Attacking parameter set bloat
We have long surmised that the reason the Mu2e last-stage jobs take 30 minutes to open the art input file is because of massive bloat in the parameter set registry ( and therefore on the RootFileDB inside the art event-data disk file ).
I can show that, for typical mixed files, the size of the disk file is 2.2 GB and that the size on-disk of the RootFileDB is 1.2 GB! The registry contains over 1,000,000 parameter sets. So we have two problems: we have a huge hit on disk space and it takes forever the open the input files.
Andrei has long believed that the bloat in the ParameterSetRegistry is caused by three variables:
I bet he is right. When we run a grid process we set
Our script that scrubs the grid output for failed jobs also looks for duplicate base seeds. This algorithm effectively guarantees unqiue event IDs (until the grid starts recycling cluster numbers ).
I have done some homework that will allow us to test the above hypotheses. A quick look suggests that we can easily confirm them but doing a proper test is beyond by regexp ability.
On mu2egpvm*, in the directory
There are 4 files:
ls -s *.txt
These files contain a text image of the contents of the ParameterSetRegistry found in 4 of Andrei's files.
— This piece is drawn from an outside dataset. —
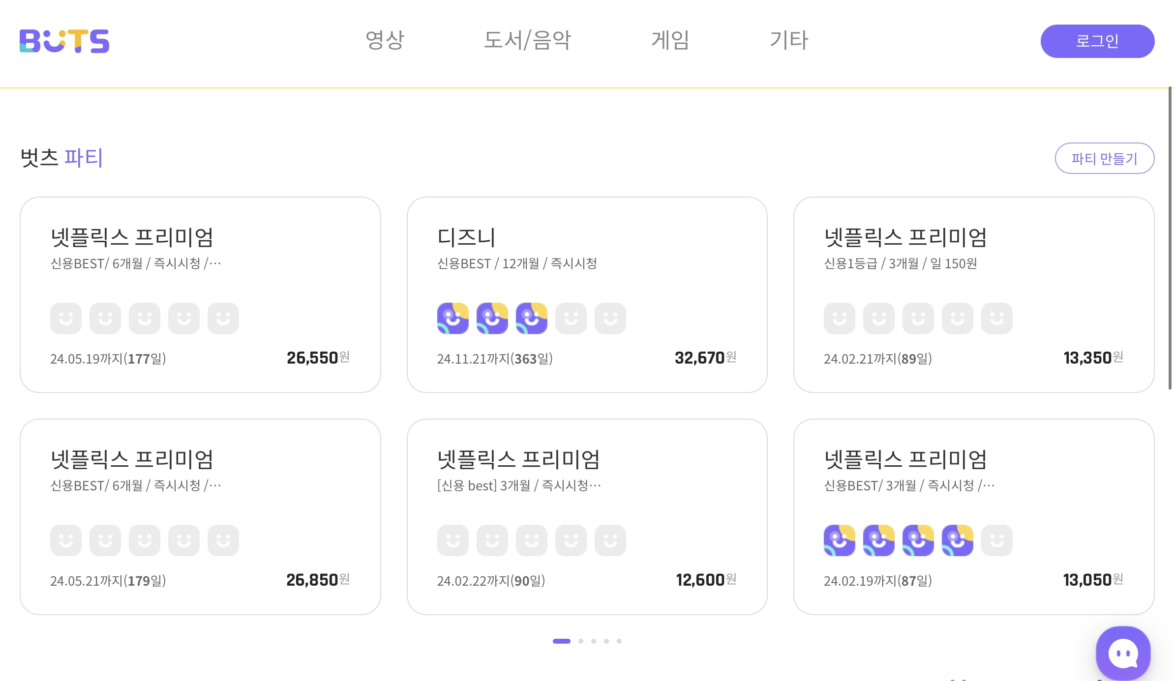 Buts는 OTT 계정을 특정 기간만큼만 공유하는 사이트다

Each line in ech file is one parameter set, in the one-liner string representation.
If someone has the regexp ability please try the following on all 4 files. Try it on the small file first and
when it works, try it on the bigger files:
substitute "firstRun:* " to "firstRun: " everywhere in the file
What I mean is simply erase the value of the parameter.
same for the other two variables
sort -u modified_file | wc
I hope that dataMerged.txt will drop from over 1,000,000 lines to as few as a few hundred.
If this proves to be true we can discuss a strategy for fixing these files: I think this involves compressing the ParameterSets, rebuilding the registry and then remapping all of the parameterset Ids in all of the Provenance objects.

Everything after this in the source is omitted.